=== Task goal ===
Exact retyping of the data: please keep every word and drop each picture.

=== Material shown ===
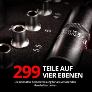 Der Mephisto Werkzeugtrolley Werkzeugkoffer ist die Komplettlösung für ambitionierte Heimwerker und mobile Handwerker, die keine Lust auf ständiges Suchen in verschiedenen Kisten haben. Mit seinem 299-teiligen Sortiment aus Chrom-Vanadium-Stahl deckst du von der Smartphone-Reparatur bis zur Montage in der Garage den Großteil aller gängigen Arbeiten ab.
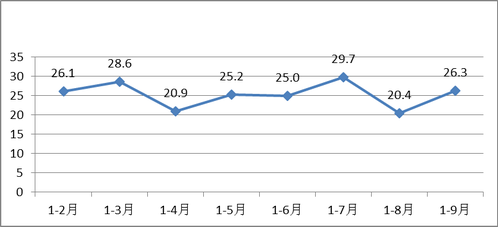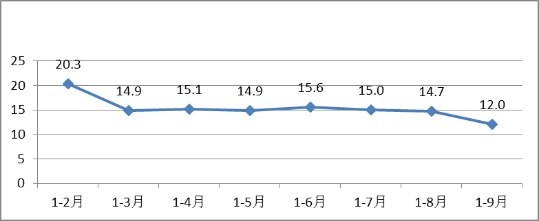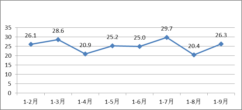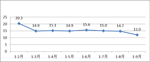 图1:官渡区1-9月固定资产投资(不含农户)增速(%)
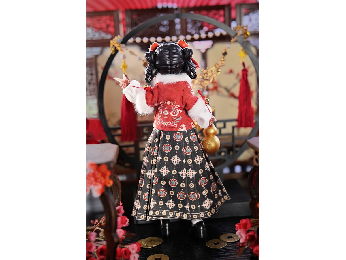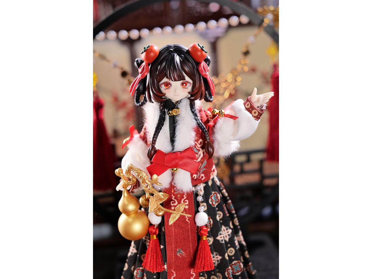 本作では、少女の装いに柿をモチーフとした髪飾りや装飾が随所にあしらわれ、華やかで上品な中華風スタイルに仕上げられています。
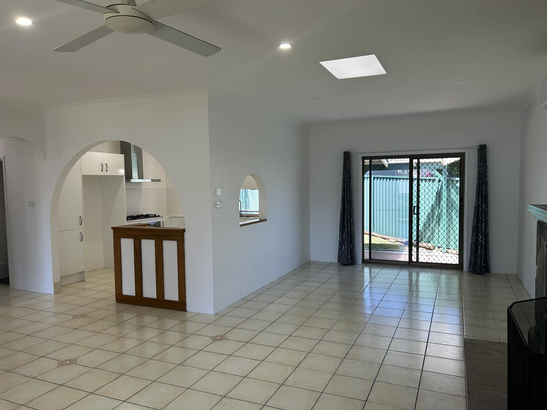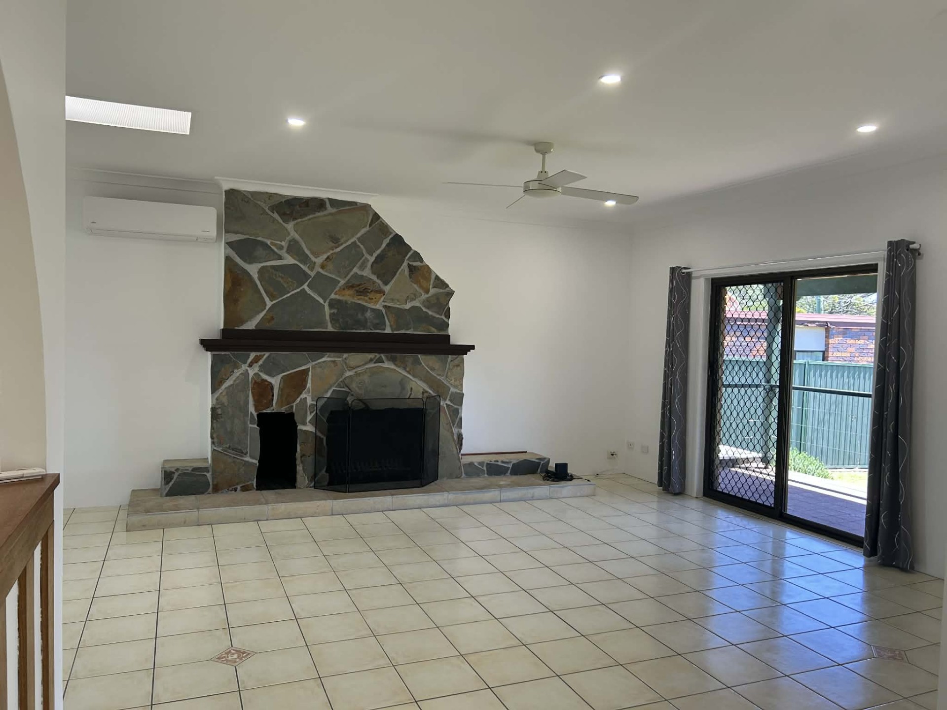 *Tiled open plan living area with ceiling fan, reverse cycle air conditioner and a feature fireplace
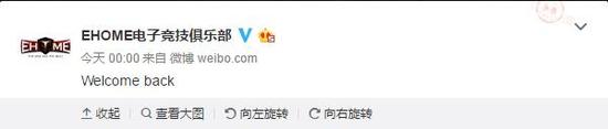 前一阵子因战队成绩不佳牵扯出队员塞拉和教练71矛盾的EHOME战队,在12月27日凌晨0点发出一条神秘的微博,微博配图只有人影,而博文也只有短短的“Welcome back(欢迎回归)”几个字。一方面说明塞拉离队可能成为事实,另一方面也让大家猜测回归的是谁?EHOME征战基辅春季特锦赛的阵容到底是怎样的呢?
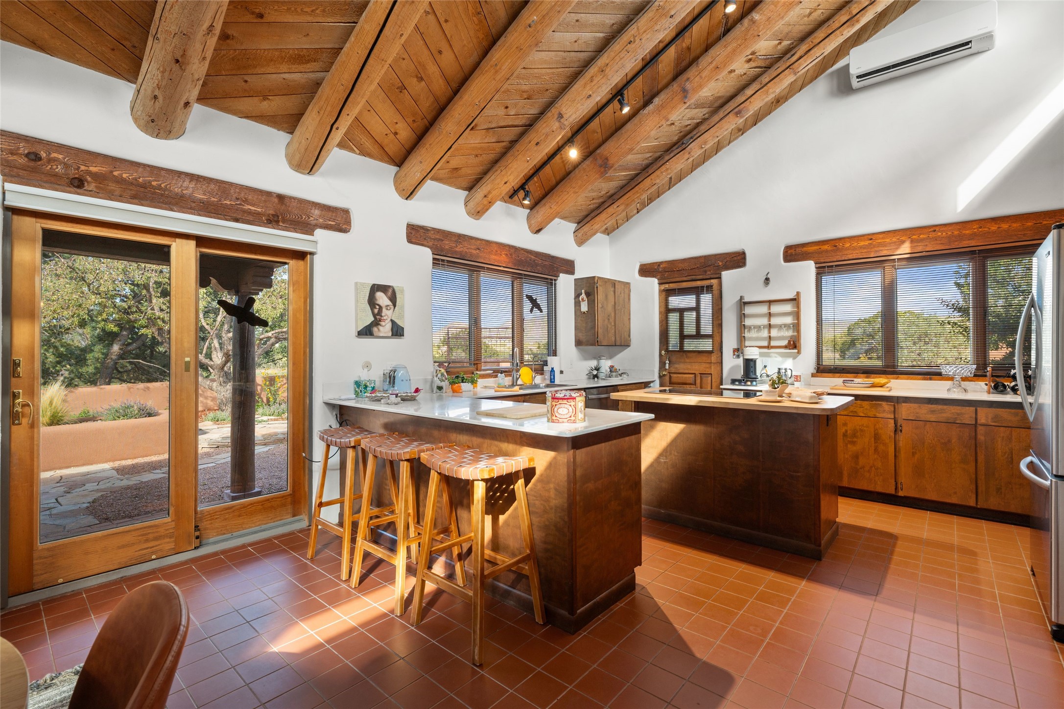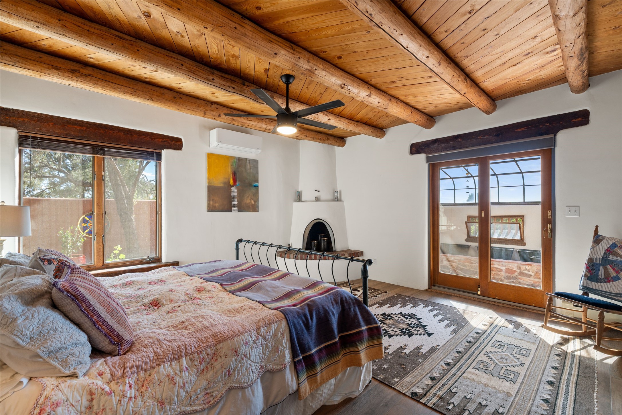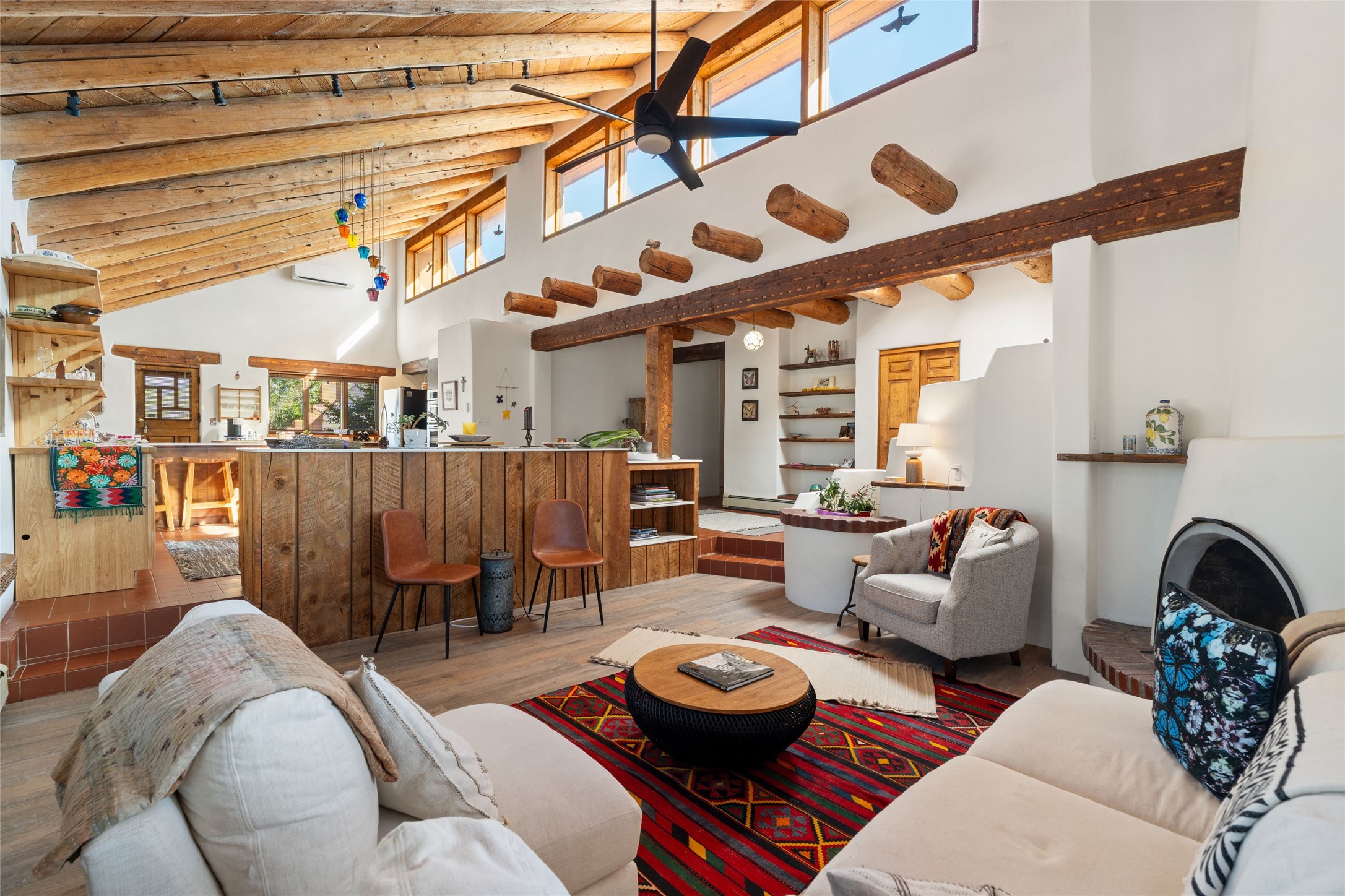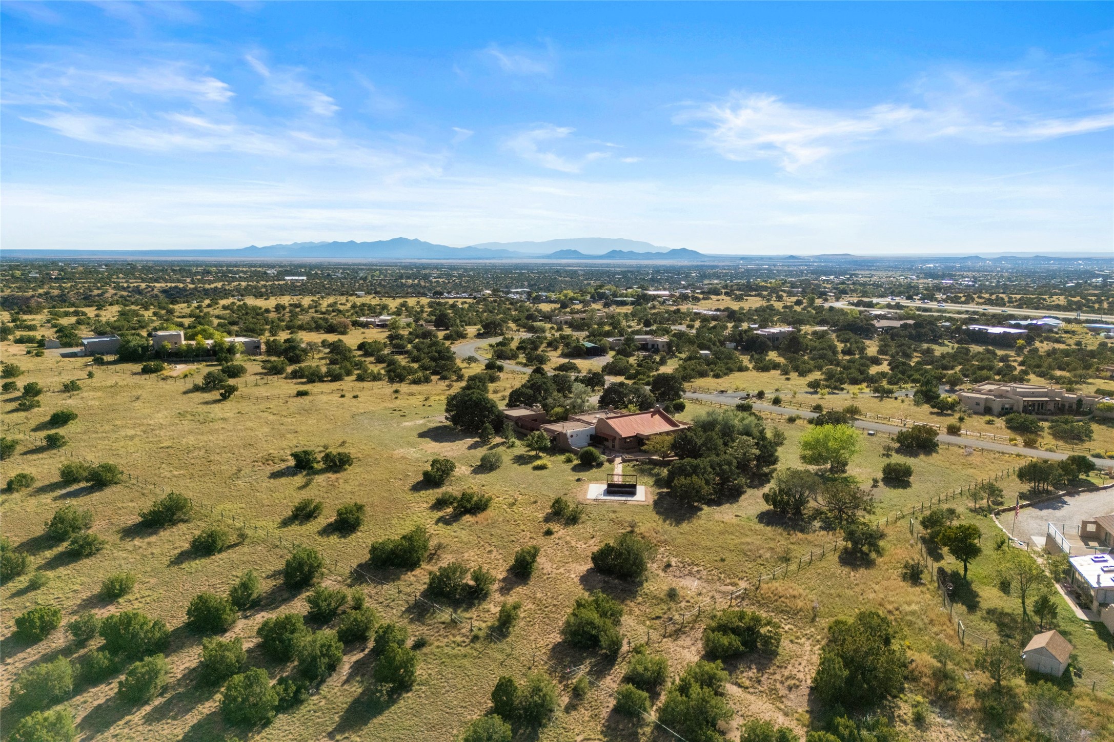 Set on 4.3 gated acres of natural beauty, this tranquil Santa Fe retreat offers breathtaking views from every room and effortless access to downtown, Zafarano Road, and I-25.The open living, dining, and kitchen area flows beautifully for both relaxed living and elegant entertaining. Surrounded by walled courtyards and lush gardens, the property offers exceptional privacy and serenity--an ideal artist's haven or personal sanctuary.Two spacious bedrooms and a versatile bonus room provide flexibility for a studio, family room, or large den. A newly added open greenhouse, set on a poured concrete slab, enhances the property's picturesque charm and creative potential.Meticulously maintained and thoughtfully updated, recent improvements include repaired stucco, new KitchenAid appliances, refreshed landscaping with drip irrigation, new mini-split systems, and fully serviced electrical systems.Experience the perfect blend of beauty, tranquility, and convenience in this rare Santa Fe retreat.

=== Response to the task ===
 Der Mephisto Werkzeugtrolley Werkzeugkoffer ist die Komplettlösung für ambitionierte Heimwerker und mobile Handwerker, die keine Lust auf ständiges Suchen in verschiedenen Kisten haben. Mit seinem 299-teiligen Sortiment aus Chrom-Vanadium-Stahl deckst du von der Smartphone-Reparatur bis zur Montage in der Garage den Großteil aller gängigen Arbeiten ab.
 图1:官渡区1-9月固定资产投资(不含农户)增速(%)
 本作では、少女の装いに柿をモチーフとした髪飾りや装飾が随所にあしらわれ、華やかで上品な中華風スタイルに仕上げられています。
 *Tiled open plan living area with ceiling fan, reverse cycle air conditioner and a feature fireplace
 前一阵子因战队成绩不佳牵扯出队员塞拉和教练71矛盾的EHOME战队,在12月27日凌晨0点发出一条神秘的微博,微博配图只有人影,而博文也只有短短的“Welcome back(欢迎回归)”几个字。一方面说明塞拉离队可能成为事实,另一方面也让大家猜测回归的是谁?EHOME征战基辅春季特锦赛的阵容到底是怎样的呢?
 Set on 4.3 gated acres of natural beauty, this tranquil Santa Fe retreat offers breathtaking views from every room and effortless access to downtown, Zafarano Road, and I-25.The open living, dining, and kitchen area flows beautifully for both relaxed living and elegant entertaining. Surrounded by walled courtyards and lush gardens, the property offers exceptional privacy and serenity--an ideal artist's haven or personal sanctuary.Two spacious bedrooms and a versatile bonus room provide flexibility for a studio, family room, or large den. A newly added open greenhouse, set on a poured concrete slab, enhances the property's picturesque charm and creative potential.Meticulously maintained and thoughtfully updated, recent improvements include repaired stucco, new KitchenAid appliances, refreshed landscaping with drip irrigation, new mini-split systems, and fully serviced electrical systems.Experience the perfect blend of beauty, tranquility, and convenience in this rare Santa Fe retreat.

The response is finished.